Thursday, September 08, 2011

Little White Lies

Curated by Alana Lake

August 17th - September 11th
Private Viewing August 17th, 6.30-9pm

Aubin Gallery presents Little White Lies, an exhibition featuring painting, print, video, sculpture and installation by Alasdair Duncan, Angus Sanders - Dunnachie, Charlie Billingham, Eemil Karila, James Howard, Joey Holder and Takaaki Izumi. 

“The simulacrum is never what hides the truth — it is truth that hides the fact that there is none.  The simulacrum is true.”
Jean Baudrillard

“That’s no moon…”
Obi-Wan Kenobi

When the grand illusion we understand as consensus reality is magically shifted through the power of representation the signs and totems that emerge transform the familiar into a funhouse version of the world we think we know. The concept of objective truth is fundamentally challenged and the safety of certainty becomes insecure, forcing us to reexamine our most scared assumptions.

The artist excels in this weird frontier of continually mutable and fluid meaning, exploiting the inherent vulnerabilities of connotation to leave the viewer disoriented by objects and ideas they previously believed to be concrete. Fragments of mass media, the detritus of advertising, graphic design, the Internet - everything is fair game to be re-appropriated and presented back to us in strange new variations.

The effect of these “Little White Lies” ranges from the invocation of a twisted realm of terror and foreboding, to an excursion through the amusingly satirical and cartoon. We are alternately gripped by abject terror, filled with a rapturous optimism and profoundly moved by the strange new lexicon that shimmers into being.

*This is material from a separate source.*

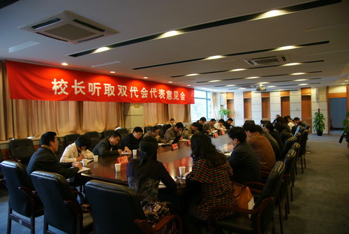 4月22日下午,校长听取“双代会”代表意见会举行。校长杜卫与建工学院、电气学院“双代会”代表面对面沟通,相关职能部门负责人参加会议。会议由工会主席章浙根主持。
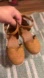 Stylish brown kids shoes featuring charming floral cutouts. Perfect for any occasion. Gently worn.

The ultimate result of such distortions is fascinating; ironically, rather then simply leading us even deeper into a wilderness of complex and bewildering iconography, the work is invariably incredibly elucidating.  For once the initial discomfort and novelty of the subversions fades we are liberated by them to appreciate new possibilities we may never have dared to explore.  Just as Perseus was only safe to view the Medusa by gazing at her reflection in his mirrored shield, it perhaps safer for us to consider what challenges us most by viewing it indirectly.